June 29, 2016    5 minute read

M&A In Pharma: The End Of R&D?

Pharma Fever    June 29, 2016    5 minute read

M&A In Pharma: The End Of R&D?

Since the beginning of 2014, numerous pharmaceutical companies have been embarking on M&A splurges, including various mega-mergers. In 2015, the biggest-ever Pharma transaction at $160 billion was announced. The rapid rise of M&A activity has not been restricted to mega-mergers, with smaller and middle market companies also getting into the act of deal-making and consolidation. In particular, biotechnology companies have proved to be popular with pharma companies – with deal-making in the Pharma sector hitting a record-high $395 billion in 2015, 31 M&A deals involving biotech firms, worth $18.2 billion combined, were also completed last year.

Decline In R&D Activity Due To M&A

While M&A activity has indeed led to immense growth in the pharmaceutical industry in recent years, some claim that such growth had been at the expense of the raison d’être of the industry – the research and subsequent development of new drugs. Such decline in R&D activity has been manifested in various ways, one of which would be the direct cutting of R&D spending. Following Actavis’ $66 billion acquisition of Allergan in November 2014, Actavis CEO Brent Saunders mentioned in a call with analysts that the combined company would take a “mid to high cut to our R&D spending,” with the intention of achieving expected cost savings of $1.8 billion a year from 2016.  Clearly, while consolidation does bring about market power and available cash, R&D is cut back as a result.

The pharmaceutical industry’s obsession with M&A has also led to reduced healthy competition, which is a key factor in ensuring successful R&D outcomes. M&A shifts a firm’s focus to internal restructuring, rather than increased pressure to develop new drugs. In fact, areas with the highest concentration of competition, such as in AIDS – with the rise of challengers such as Gilead, are those that have seen continued success. The trend of positive innovation in the Swiss pharmaceutical industry can be attributed to the major players, Novartis and Roche, resisting the urge to merge to form a single entity.

Of course, as pharmaceutical companies operate in the private sector, they have every right to pursue M&A as a means to secure future growth for their shareholders, and to meet business goals. Yet, when companies continuously fuel growth through the synergies and efficiencies of M&A, it is unsustainable in the long run due to its insidious effect on the industry’s R&D capacity. Furthermore, evidence has shown that it is possible for a pharmaceutical company to remain successful with the traditional business model of investing in R&D – GlaxoSmithKline’s CEO Andrew Witty claims that the key reason behind the company’s continued success was sticking to the R&D model, instead of switching to an M&A model.

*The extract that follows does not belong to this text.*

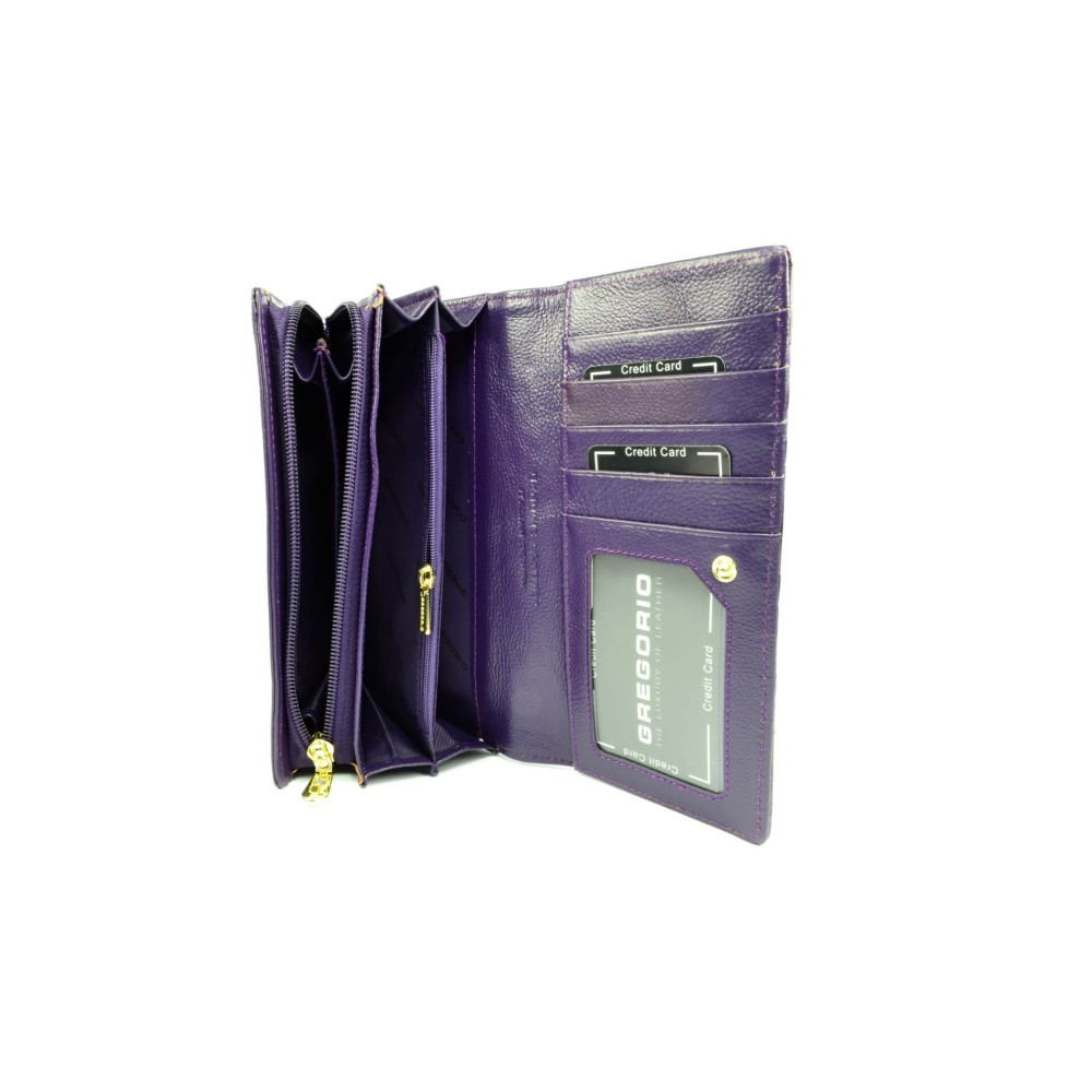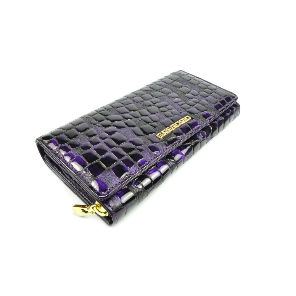 Neobvyklý vzhled z venku ale klasické uspořádání zevnitř nabízí tato malá dámská peněženka. Peněženka se uzavírá velkou klopou s pevným drukem. Po otevření klopy jsou ihned přístupné kapsy na karty. Po otevření malé dámské peněženky můžete dávat věci do dvou velkých kapes anebo do jedné úzké, se zipem. Mincovník peněženky je opravdu velký, uzavírá se masivním zipem s velkým jezdcem. Malá dámská peněženka je vyrobená z pravé kůže, na vnější straně foliovaná.

The Popularity Of M&A Is Not Without Good Reason

However, it is crucial to acknowledge that the rise in deal-making stemmed from a variety of justified reasons as well. In fact, for many pharmaceutical companies, M&A is their way of tackling the challenges that come with patent expiration. Firms in pharma have sought to acquire biotech companies which have their products on the market, or in the final stages of development. AstraZeneca’s takeover of several biotech firms in 2015 was a strategy undertaken to strengthen the company’s stream of respiratory, cardiovascular and oncology products. Certain companies also allow smaller and more focused biotechs to develop products with the objective of acquiring them in later stages. With large pharmaceutical companies, or Big Pharma, with such extensive access to capital, they are most certainly in a strong financial position to execute such a strategy.

When it comes to the final stages of the development of a new drug – in commercialization, it is simply not possible for smaller companies to compete with Big Pharma’s extensive resources and commercial platforms. It can be highly effective for a large company to acquire a small firm which has effective drugs for the larger firm to market and sells through its platforms. Furthermore, treatments for diseases can get to patients more quickly via Big Pharma’s commercialization skills. The $11 billion takeover of biotech company Pharmasset by US company Gilead, the world’s largest biotech firm, in 2011 can be said to be a successful execution of such a strategy. At that time, Pharmasset was in the midst of conducting late-stage clinical studies for a hepatitis C drug later known as Sovaldi – the drug made more than $10 billion in sales in 2014.

It’s About Balance

Increased focus on the acquisition business model, at first glance, may seem to pose a threat to the traditional R&D model previously adopted by many pharmaceutical companies. Some may even claim that M&A will do no good for the industry in the long run, and is no different from taking short-cuts to fuel growth.

We also have to acknowledge that just like any industrial sector in the economy, the pharmaceutical industry is vulnerable to the ongoing challenges in the free market. In a time when the pipeline for innovative, new blockbuster drugs is slowing, and the expiration of patents are threatening the sales of drugs that have been a stable stream of revenue, it is extremely challenging to balance the demand for cutting-edge R&D with the need for returns on investment and subsequent shareholder satisfaction. Furthermore, the claim that M&A erodes R&D activity can be questioned – they are not mutually exclusive. Certainly, there is potential for both business models to integrate and work hand in hand to fuel the quality growth of firms and the industry.